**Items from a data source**
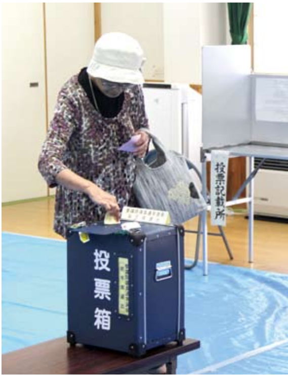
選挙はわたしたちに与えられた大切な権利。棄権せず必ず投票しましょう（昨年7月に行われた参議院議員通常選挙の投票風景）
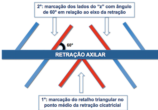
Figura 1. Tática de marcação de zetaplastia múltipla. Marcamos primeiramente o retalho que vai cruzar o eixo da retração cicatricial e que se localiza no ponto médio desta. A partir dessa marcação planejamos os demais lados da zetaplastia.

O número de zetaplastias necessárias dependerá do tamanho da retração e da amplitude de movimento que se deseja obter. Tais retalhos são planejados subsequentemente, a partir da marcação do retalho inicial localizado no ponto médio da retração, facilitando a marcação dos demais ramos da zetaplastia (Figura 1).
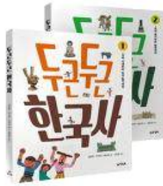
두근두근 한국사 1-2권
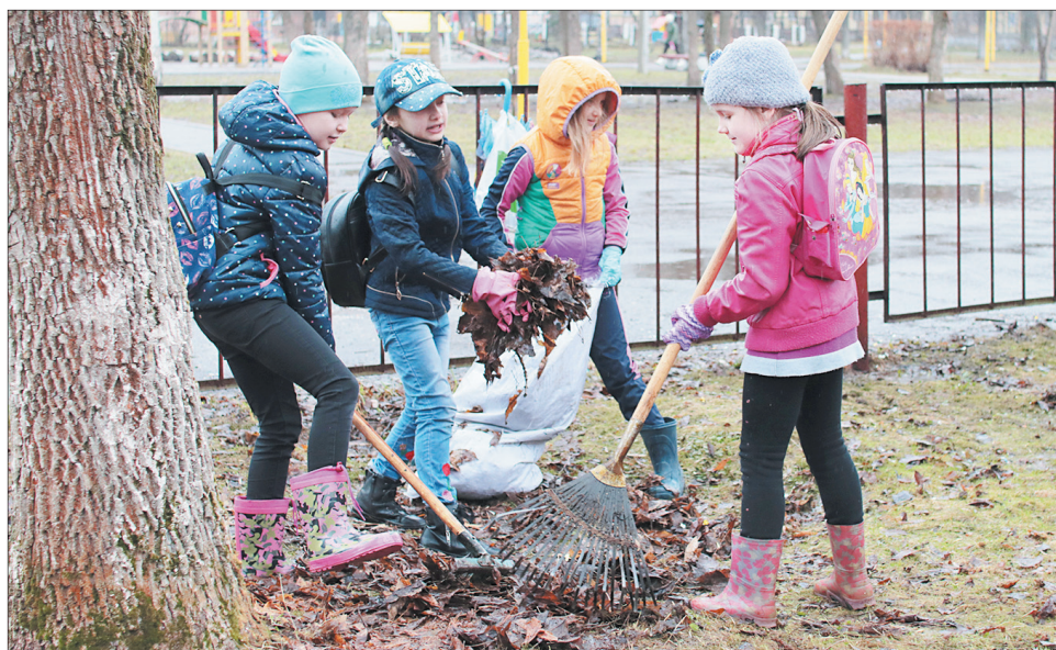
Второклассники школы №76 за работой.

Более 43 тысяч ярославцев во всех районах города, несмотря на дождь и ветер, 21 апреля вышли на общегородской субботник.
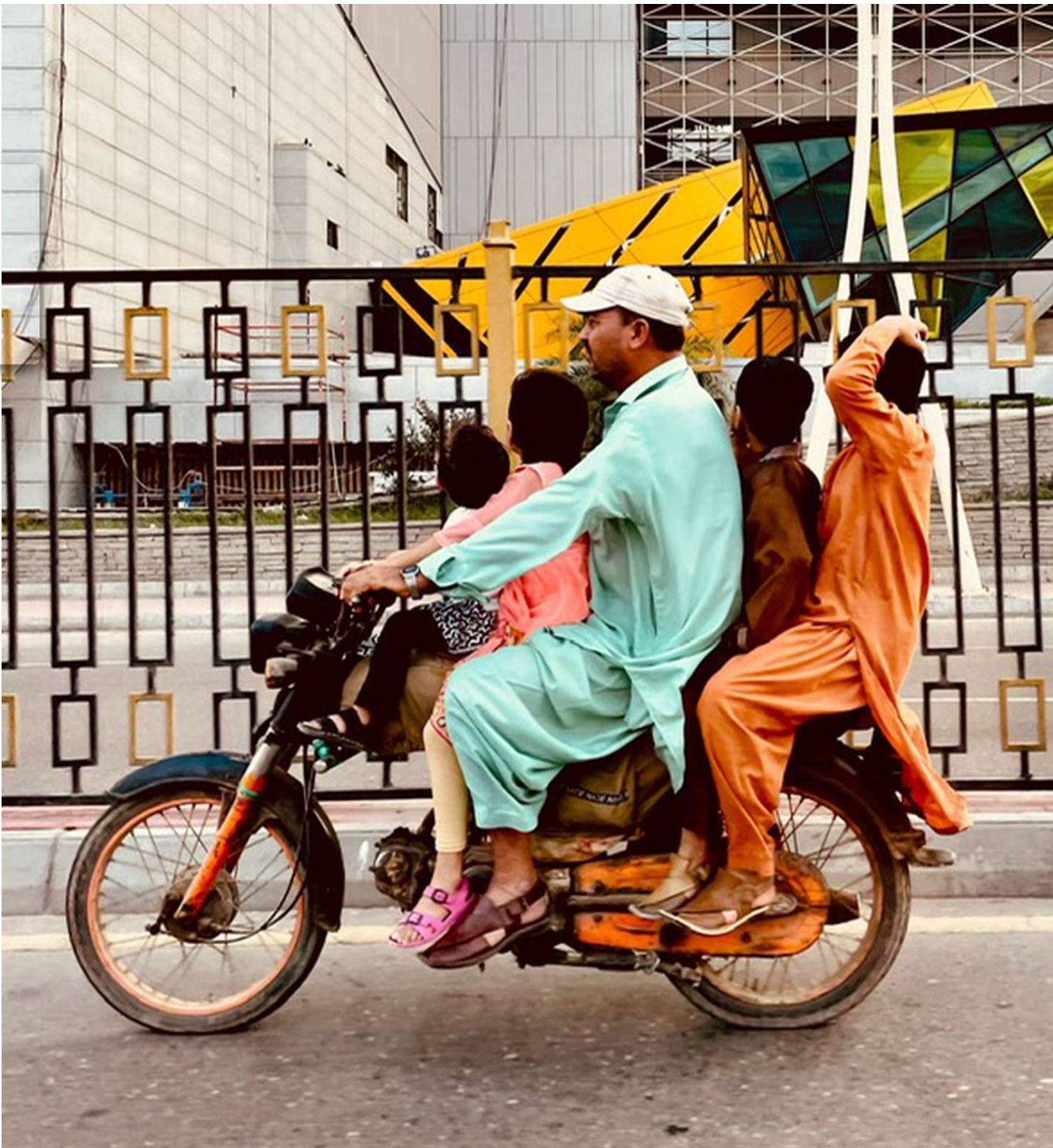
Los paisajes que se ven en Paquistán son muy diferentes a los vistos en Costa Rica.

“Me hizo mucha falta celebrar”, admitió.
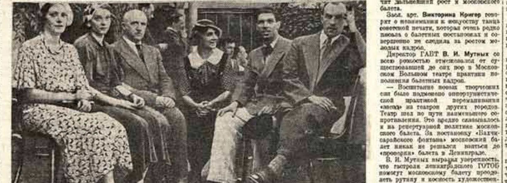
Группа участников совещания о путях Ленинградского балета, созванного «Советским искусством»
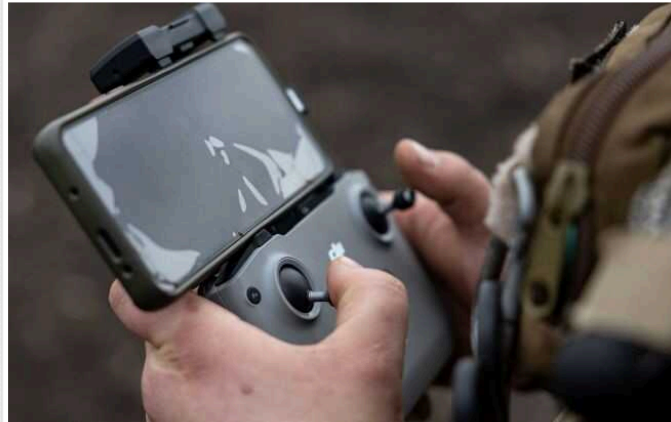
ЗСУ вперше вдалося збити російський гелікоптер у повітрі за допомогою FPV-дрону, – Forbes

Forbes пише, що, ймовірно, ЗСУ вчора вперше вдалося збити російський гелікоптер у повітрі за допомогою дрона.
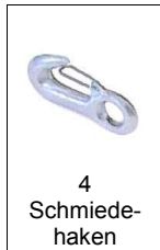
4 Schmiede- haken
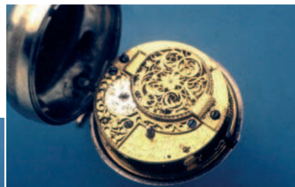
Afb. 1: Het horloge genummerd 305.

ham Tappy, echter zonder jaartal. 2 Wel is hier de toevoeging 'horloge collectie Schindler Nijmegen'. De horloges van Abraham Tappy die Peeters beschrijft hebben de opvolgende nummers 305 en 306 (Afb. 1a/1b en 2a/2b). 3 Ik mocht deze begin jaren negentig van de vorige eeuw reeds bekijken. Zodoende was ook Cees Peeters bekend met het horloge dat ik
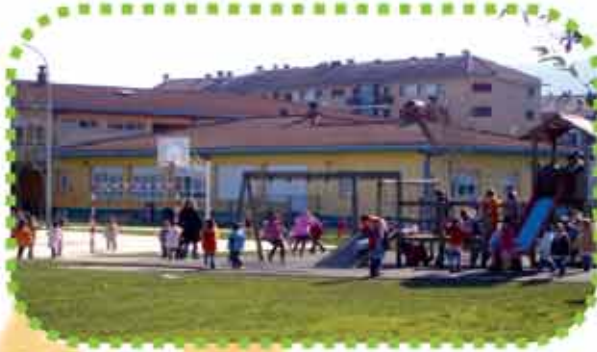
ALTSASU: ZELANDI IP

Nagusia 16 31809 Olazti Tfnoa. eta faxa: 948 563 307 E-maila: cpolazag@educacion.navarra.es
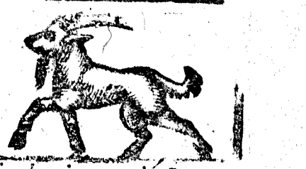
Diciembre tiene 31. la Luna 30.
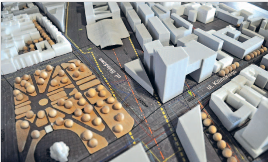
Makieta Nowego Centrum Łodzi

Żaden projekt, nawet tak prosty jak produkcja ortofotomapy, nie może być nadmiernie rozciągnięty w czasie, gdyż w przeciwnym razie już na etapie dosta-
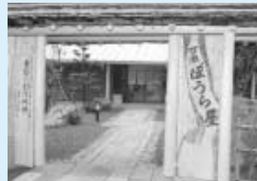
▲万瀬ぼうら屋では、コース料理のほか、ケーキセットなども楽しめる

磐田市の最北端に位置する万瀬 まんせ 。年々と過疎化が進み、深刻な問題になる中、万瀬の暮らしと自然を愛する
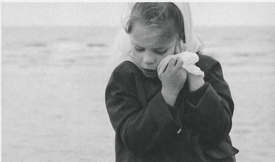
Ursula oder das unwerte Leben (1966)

**Goal of the exercise**
Only lines with the word "повітрі" are wanted; pull each of them from the records.

**Answer to this task**
ЗСУ вперше вдалося збити російський гелікоптер у повітрі за допомогою FPV-дрону, – Forbes
Forbes пише, що, ймовірно, ЗСУ вчора вперше вдалося збити російський гелікоптер у повітрі за допомогою дрона.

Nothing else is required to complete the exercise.